其の者、相談者なり。8ページ
「山中さん……」
俺は階段下から彼女を見上げた。山中さんは駆け足で階段を下り、俺の横に来ると
「どう?頼んだ物は」
と聞いてきた。頼んだ物。それは、あの物語以外ないだろう。俺は山中さんの方を向いて、
「取り敢えず、どこかに移動しませんか?色々と長くなりそうですから、座った方がいいかな?あっもしよかったらでいいんですが…」
と、言った。
「ははっ、お偉いさんに会った訳じゃないんだから、そんな硬くなんなくても。んんっ、君、この前の用件なんだが…」
「社長。そういった話は事務所の方で……ですか?」
「ふふふっ。ねぇ、中庭に行こう。あそこベンチ有ったし、日当たりが良くて気持ちいいから」
中庭ね。今の季節、外は気持ちいいだろう。それに旧館の裏にある中庭を利用する生徒なんて滅多にいない。
「じゃあ、そうしますか」
俺はそう言って、階段を降り始めた。
場所は中庭。時刻は3:30。つまり放課後になって少しした時間。校庭からは、運動部の掛け声が聞こえ、少し傾いた太陽が、俺達二人が座っているベンチの上にある。

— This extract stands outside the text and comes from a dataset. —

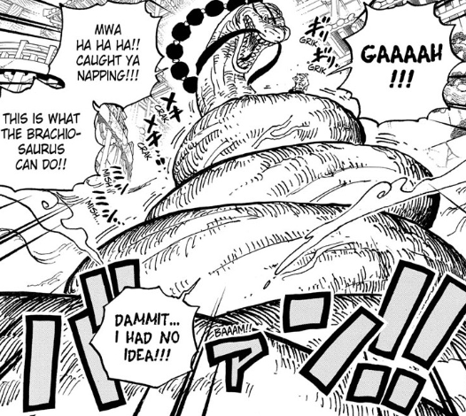 I’m amazed that Oda was able to top the Triceracopter so soon, but Brachiosnakeus sure has done it. There are just no words for Oda’s insane creativity. Every part of that sequence was hilarious.

「……って訳で、今現在、文芸部の物語は、ようやく話の軸が出来上がったところだ」
俺は山中さんに、物語制作活動の進行状況を話した。
「ふぅん。じゃあ、完成まで結構かかりそうだね」
「ああ。ここからが大変だ」
青い空を見上げて、俺はふぅー、と息を吐いた。その後、空を見上げたまま、山中さんに言った。
「もし良かったらで良いんだが、どうして文芸部にこんな事を頼んだのか、教えてくれないか?」
「………………」
俺が質問すると、山中さんは、急に黙ってしまった。やっぱり、聞かない方がいい事だったのかな。そう思って山中さんを見ると、彼女は驚いた表情で俺を見ていた。
「どうして、理由が?」
しばらくして山中さんが俺に尋ねてきた。とてもゆっくりとした口調だった。
「俺達は、最近集まったばかりの一般学生。物語を創るなんて事は、みんなやった事がない素人だ。
そんなとこに、お勧めの本は?とか、この本はどんな内容だった?とかじゃなくて、物語を作って。と、あんたが来たからな。少し不思議に思ったんだよ」
山中さんは俺の話を聞きながら自分の両手を組んでいる。その後少し俯いたり、視線を彷徨わせてから、彼女はベンチに座り直した。
「友達にね……あげるんだ。あの子は、とにかく物語が好きだったから…それで、できたらあの子が外に出て来たら嬉しいなって」
中庭のベンチに座って、僅かに微笑みながら、山中さんは口を開いた。
その言葉から察する事のできる内容は、俺が予想できていない物だった。
「意外だった?」
下から覗き込む様に俺を見ながら山中さんは聞いてきた。俺は頭を掻きながら返す。
「意外ってレベルじゃないよ。あ~も~何で聞いちゃったかな。俺」
「別に気にすることないよ。確かに、始まったばかりの文芸部に頼むのは不思議だもん。でも、『そんな人達が一生懸命頑張って作った』物語の方が良いと思ってね」
「そう言われると、気合い入れたくなるな」
ふぅ。俺は息を吐き出した。こうすると、気分が落ち着いて、楽になる。
山中さんはベンチから立ち上がって、その場でくるりと半回転すると、俺の方を向いて「完成、楽しみにしてるね」と言った。そして、校舎に向かって歩いて行く。
そんな山中さんに、俺は尋ねた。
「いつぐらい迄に、物語が完成すればいい?」
山中さんから、すぐに答えが帰ってくる。
「別に、いつでもいいよ」
しかしその後、中庭のベンチから、だいぶ離れた所まで歩くと、山中さんは足を止めた。
「出来れば……出来れば、夏休み迄に、お願いします」
俺の十メートル先から、小さな声が聞こえた。